Since the noisy furnace issue has come up again this week I thought I would do a poll about the issue. If the results are of concern I will forward them directly to Outback. Everybody please vote so our sample group is large enough to form a valid picture.


----------



## Castle Rock Outbackers (Jan 18, 2004)

Seemed really noisy the first few times we camped. Pretty much used to it now that we all accepted the fact that we are camping, not sleeping at home. Our first camping trip ever we rented a Keystone Cabana. Now that furnace was LOUD.

Randy


----------



## BigBadBrain (Aug 26, 2004)

I'm with Randy - it IS noisy but not something I'd complain about. Just part of the necessary discomforts that go with camping (without hookup). After the first night we all ussually can sleep through it.

Since there are good alternatives for camping WITH hookup, I'm not really bothered by it.

BBB


----------



## summergames84 (Mar 6, 2004)

Furnace???? What's that? We've never fired it up, so I really can't answer the question! sunny


----------



## Ghosty (Jan 17, 2005)

summergames84 said:


> Furnace???? What's that? We've never fired it up, so I really can't answer the question! sunny
> [snapback]32325[/snapback]​


Your furnace will be that thing that WON't work when you actually need it and wished you had figured out how to make it work much earlier...

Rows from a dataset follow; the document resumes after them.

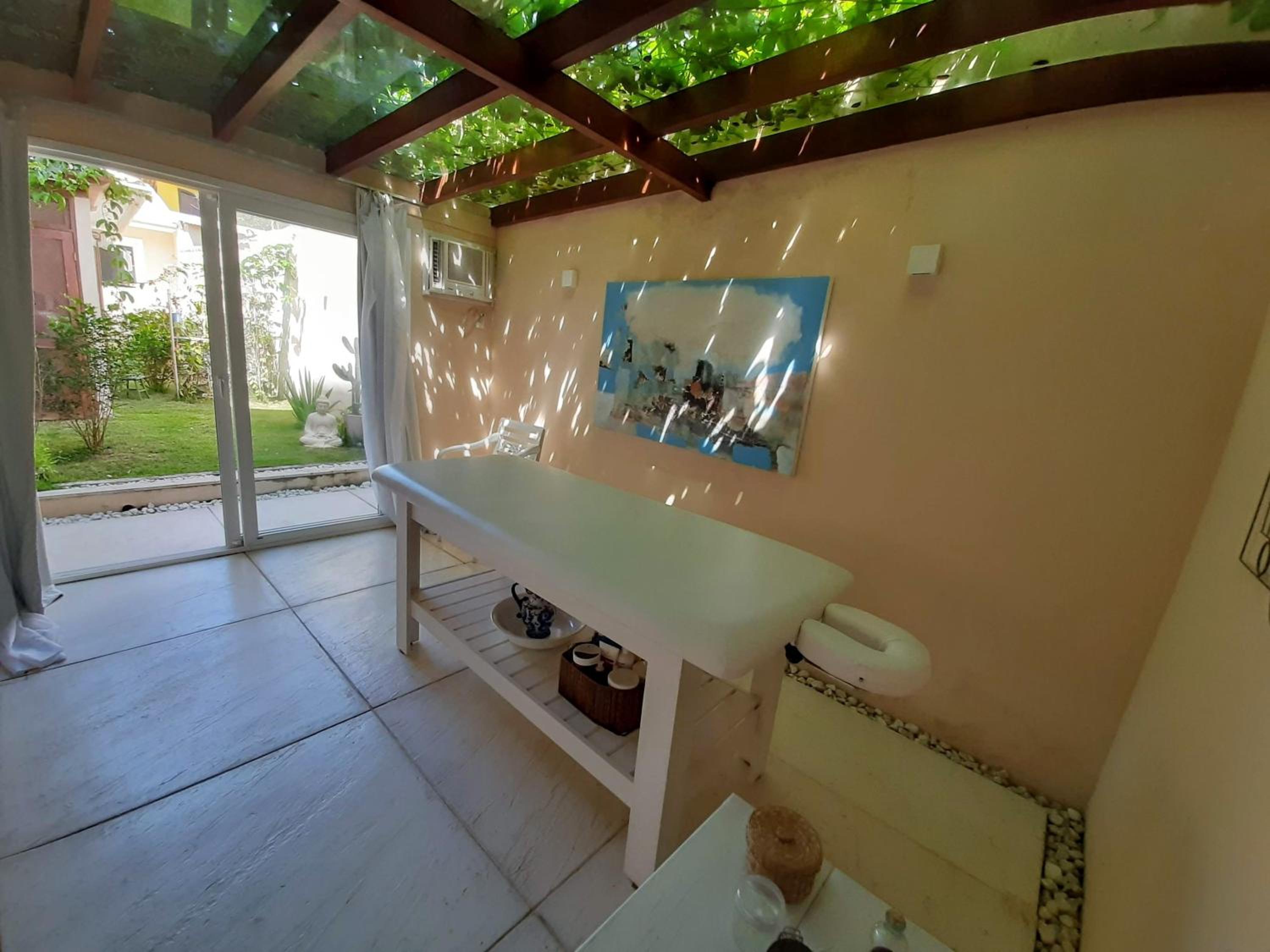 Sugestão: contruir uma expansão da área do spa e fazer o refeitório lá (atual spa e essa expansão). Mudar o spa para o atual refeitório.
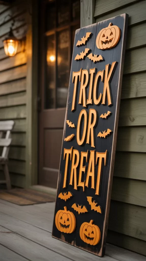Create a tall vertical wood sign that says Trick or Treat. Use black paint as the base and orange or white letters for a bold contrast. Add glitter, bats, or pumpkin stencils to make it stand out. Place it by your front door to greet guests.
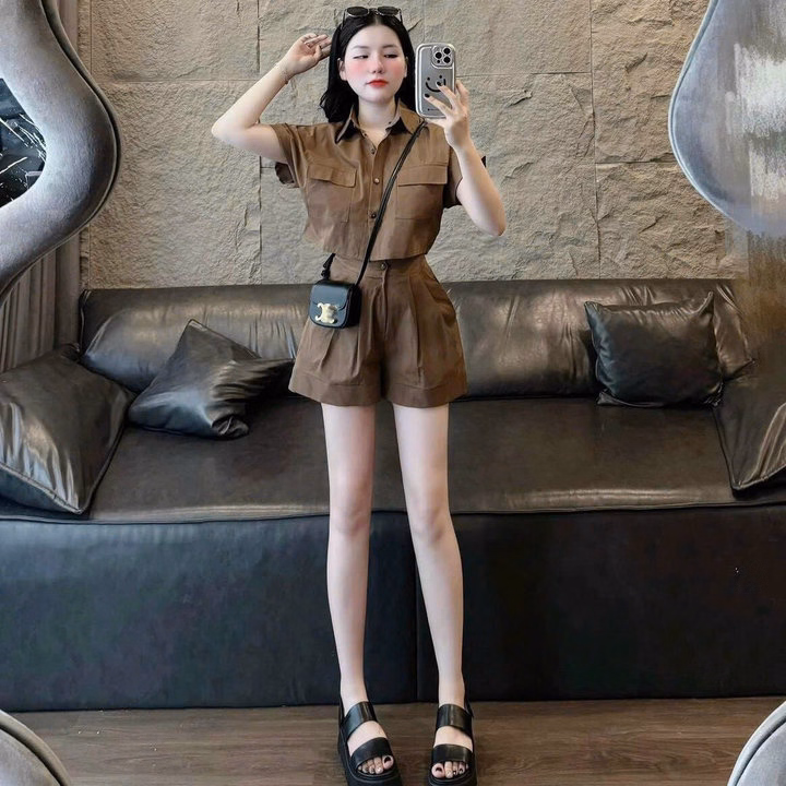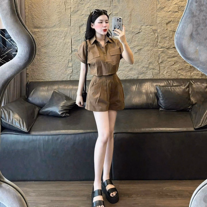 Sét Đồ Nữ Áo Croptop Cổ Bẻ, Gài Nút Mix Quần Đùi Lưng Cao Với Tone Màu Trầm Dành Cho Các Nàng Mặc Nhà, Cafeee Siêu Xinh – Sht167 – Minh Hà House
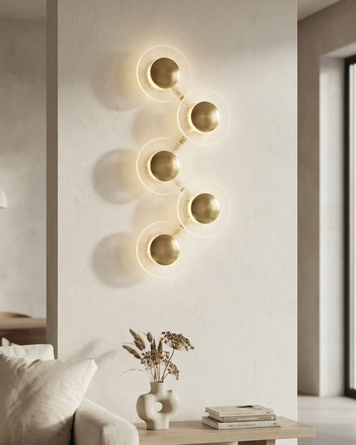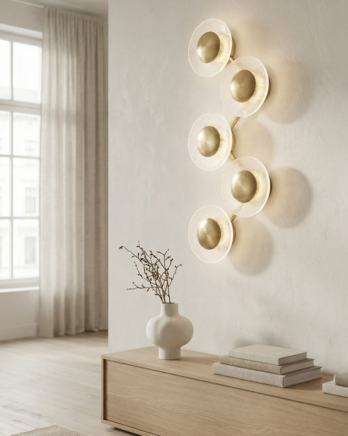 The Pentora Lume Cascade Wall Light features five softly textured circular diffusers with brushed gold centers, arranged in a flowing vertical composition. This cascading design creates a luminous art installation on your wall while delivering warm ambient light—perfect for stairways, double-height walls, and luxury interiors.
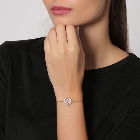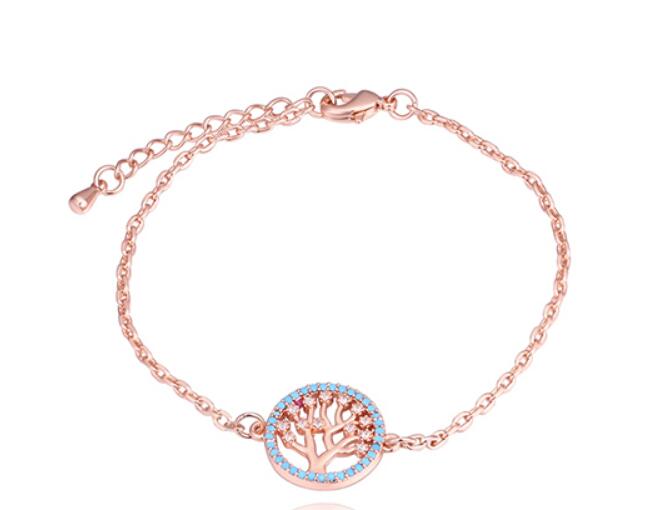 Hermosa pulsera, en baño de oro rosa de 18 quilates, diseño de árbol de la vida, con incrustaciones de cristales azules y blancos.

Of course the trick is to try to run a ceramic heater (that does a fine job keeping the trailer warm on the RVs Parks dollar then using your propane Heater on your dime....


----------



## camping479 (Aug 27, 2003)

No complaints, we're warm









Mike


----------



## vdub (Jun 19, 2004)

Sounds kind of like a jet engine, which is what destroyed my hearing in the first place. It's loud, but I sleep thru it and have head phones for the tv, so no worries.

I'm just the opposite of summer games -- I've never tried the a/c. Wonder if it will work when I get down south? Maybe I should try it some day --- nah, I need a little excitement anyway.


----------



## Roloaddict (Oct 29, 2004)

I figure the furnace seems loud because I'm sitting right next to it! It does wake me, but DH can sleep through anything and does. We plug in a ceramic heater and use that often. Nice and quiet. Got to love that heat when winter camping.

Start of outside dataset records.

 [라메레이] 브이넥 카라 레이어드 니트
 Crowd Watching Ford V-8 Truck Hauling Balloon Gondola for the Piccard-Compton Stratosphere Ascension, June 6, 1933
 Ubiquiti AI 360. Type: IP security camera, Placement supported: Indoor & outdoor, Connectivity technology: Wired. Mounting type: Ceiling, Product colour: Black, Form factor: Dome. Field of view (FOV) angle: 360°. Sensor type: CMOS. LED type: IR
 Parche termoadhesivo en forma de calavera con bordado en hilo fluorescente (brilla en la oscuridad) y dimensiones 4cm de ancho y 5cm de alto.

The subject of not ever using the air conditioner came up at the NW Rally. We turn our AC on when we get back from a winter camping trip to dry out the inside of the trailer. Works great.
H.


----------



## rennerbee (Jul 25, 2004)

I voted yes, it wakes me-but that is only when the da** thing actually works. But, there are so many other people who are in worse situations that the heaters not working in our "2nd home" shouldn't be anything to complain about...although I do seem to quite a bit.


----------



## Oregon_Camper (Sep 13, 2004)

Roloaddict said:


> The subject of not ever using the air conditioner came up at the NW Rally. We turn our AC on when we get back from a winter camping trip to dry out the inside of the trailer. Works great.
> H.
> [snapback]32347[/snapback]​


Hey, never thought of that. Guess we could have been running our heater and AC at the same time to kill two birds with one stone.


----------



## Katrina (Dec 16, 2004)

It seems to wake me once or twice during the night.
On the other hand, I'll wake once or twice during the night without it running. That's just camping.


----------



## stapless (Feb 20, 2005)

thought it was louder than i would expect, but i slept just fine until my 4 year old was up rustling around at 4AM. he had found the remote and was trying to turn it off as he thought it was 'too loud daddy, i can't sleep.' to his credit, the furnace in the 28 BHS is right under his bunk bed in the back. will have to try the ceramic heater idea!!


----------



## NDJollyMon (Aug 22, 2003)

It's just when it starts up that's hard to get used to. If it ran constantly, it wouldn't wake me.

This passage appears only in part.